◆ DATA:
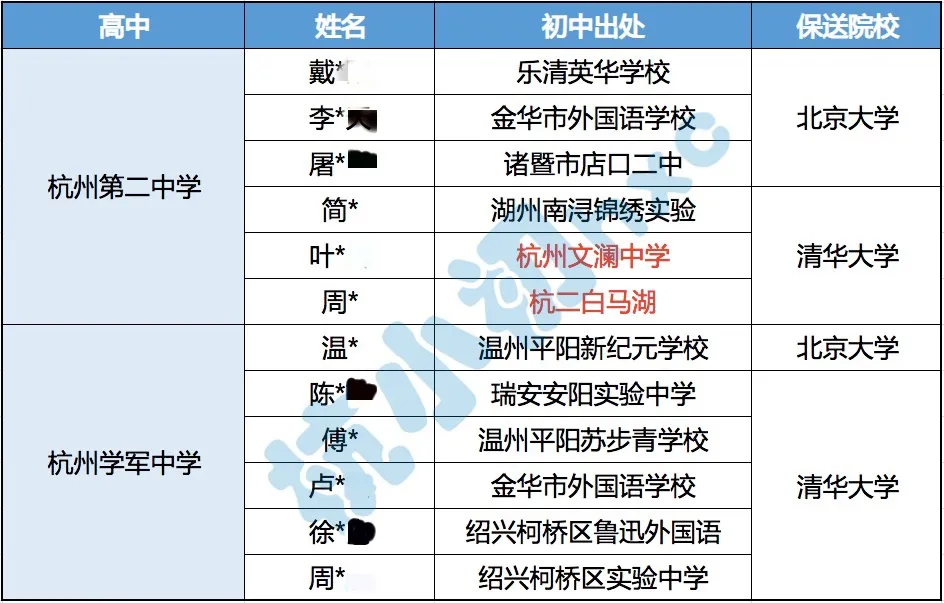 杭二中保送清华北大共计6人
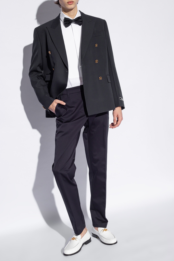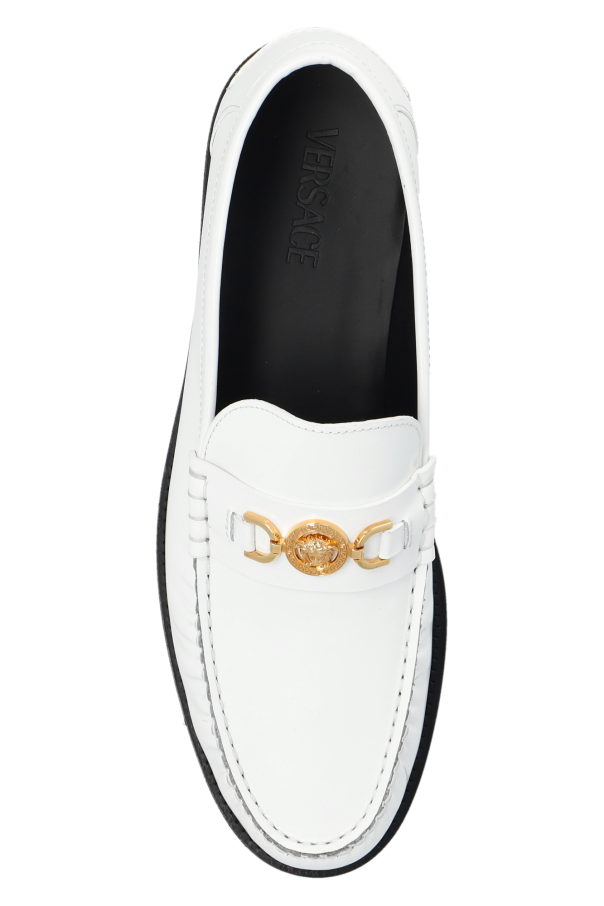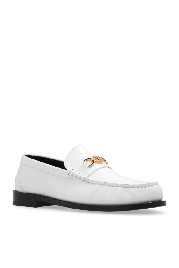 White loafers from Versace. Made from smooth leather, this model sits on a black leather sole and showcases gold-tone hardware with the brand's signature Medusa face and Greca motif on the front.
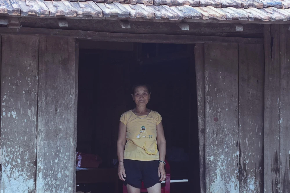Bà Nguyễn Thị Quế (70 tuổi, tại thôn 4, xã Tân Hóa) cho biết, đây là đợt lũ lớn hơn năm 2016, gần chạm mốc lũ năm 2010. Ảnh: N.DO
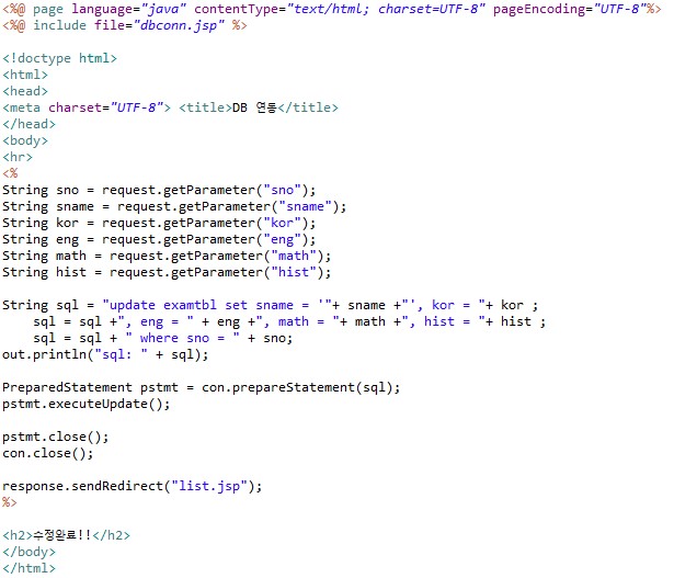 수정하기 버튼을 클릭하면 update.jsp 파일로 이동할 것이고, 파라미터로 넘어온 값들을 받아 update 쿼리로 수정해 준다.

==

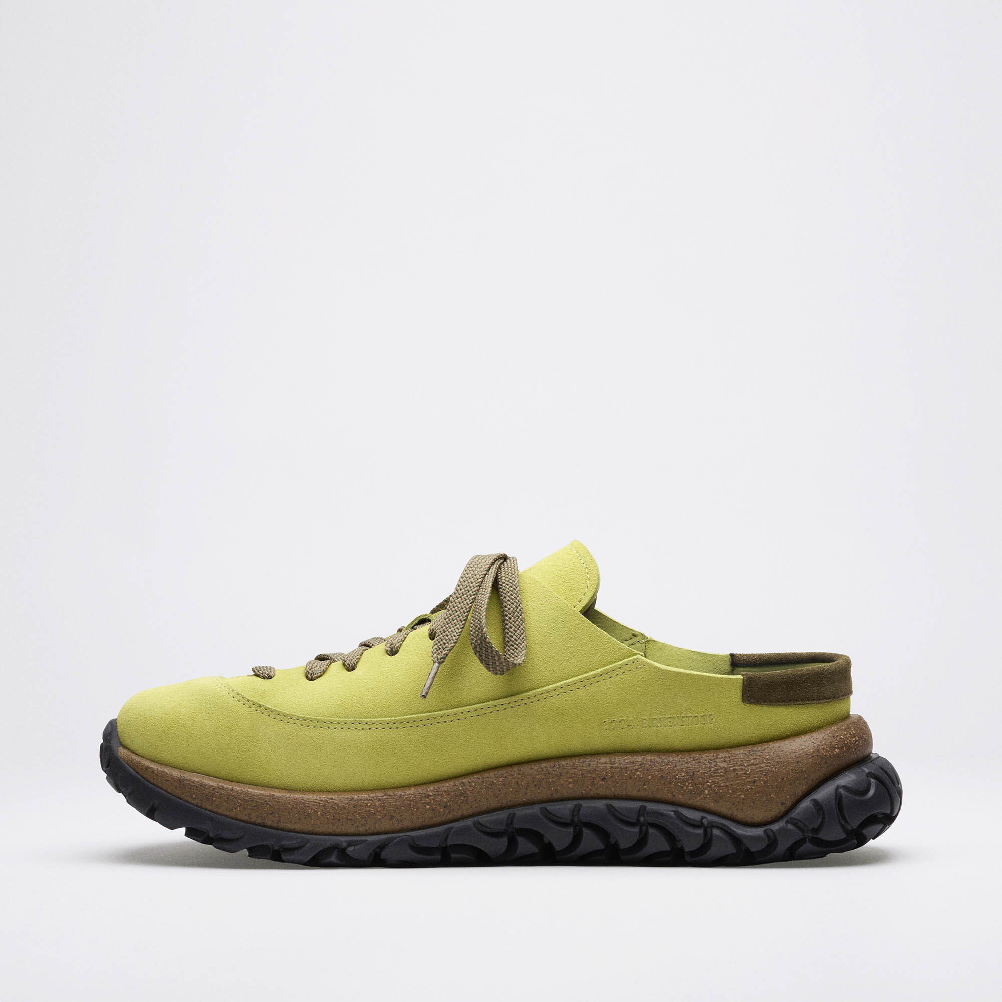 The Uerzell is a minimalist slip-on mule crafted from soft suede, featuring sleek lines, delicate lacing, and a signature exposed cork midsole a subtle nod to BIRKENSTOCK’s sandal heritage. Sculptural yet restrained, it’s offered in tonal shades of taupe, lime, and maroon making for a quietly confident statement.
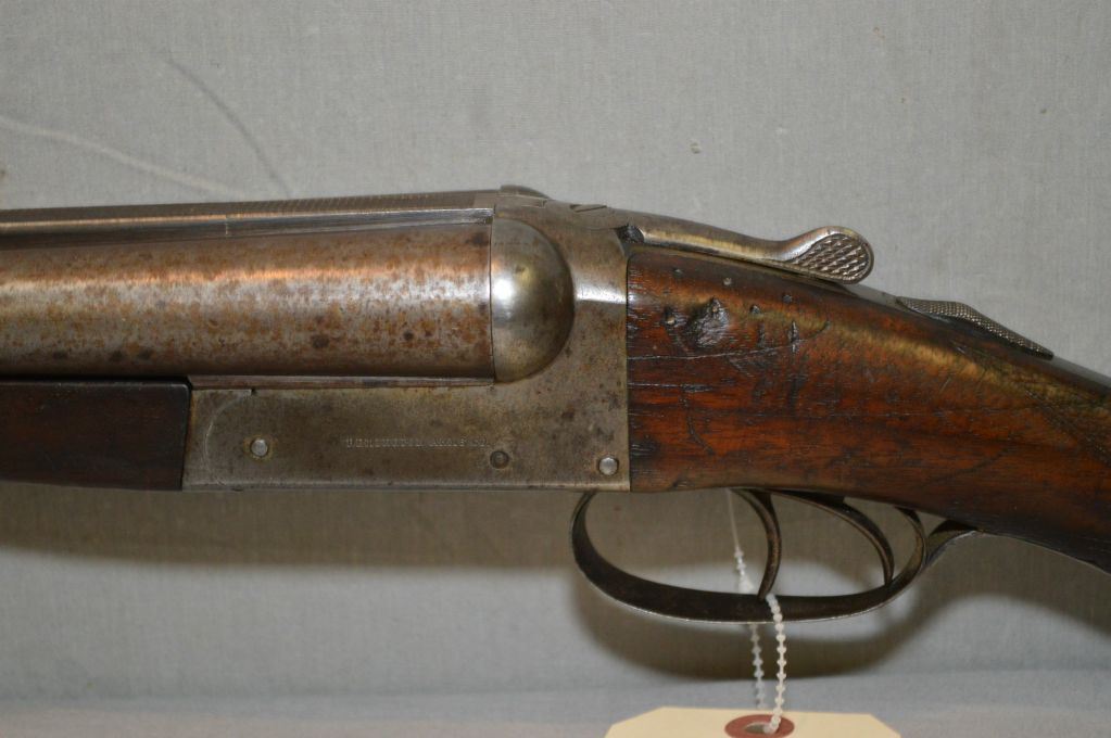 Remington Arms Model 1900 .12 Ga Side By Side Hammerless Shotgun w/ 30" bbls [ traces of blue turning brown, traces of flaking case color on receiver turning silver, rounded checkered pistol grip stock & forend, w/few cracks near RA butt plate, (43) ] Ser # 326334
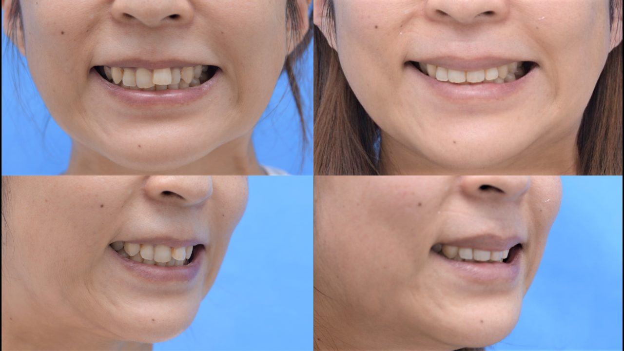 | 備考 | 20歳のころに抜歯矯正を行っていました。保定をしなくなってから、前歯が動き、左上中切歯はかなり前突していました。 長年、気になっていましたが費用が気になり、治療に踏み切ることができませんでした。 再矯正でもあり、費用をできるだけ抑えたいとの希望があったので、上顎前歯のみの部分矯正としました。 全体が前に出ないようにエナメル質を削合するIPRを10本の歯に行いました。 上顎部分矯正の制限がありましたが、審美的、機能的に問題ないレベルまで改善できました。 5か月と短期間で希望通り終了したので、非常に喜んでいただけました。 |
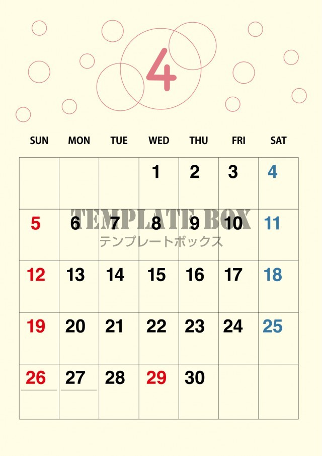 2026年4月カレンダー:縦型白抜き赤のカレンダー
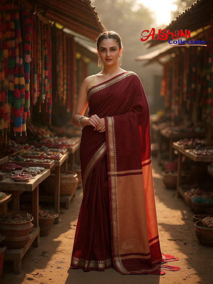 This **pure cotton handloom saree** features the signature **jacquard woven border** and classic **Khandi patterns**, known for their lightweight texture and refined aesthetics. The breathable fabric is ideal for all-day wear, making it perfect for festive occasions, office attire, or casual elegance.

◆ WORK TASK:
Among the records above, locate the line containing "杭二中保送清华北大共计6人" and the line containing "White loafers from", then transcribe exactly the lines starting at the first and ending at the second, with no pictures.

◆ RESULT FOR THIS TASK:
 杭二中保送清华北大共计6人
 White loafers from Versace. Made from smooth leather, this model sits on a black leather sole and showcases gold-tone hardware with the brand's signature Medusa face and Greca motif on the front.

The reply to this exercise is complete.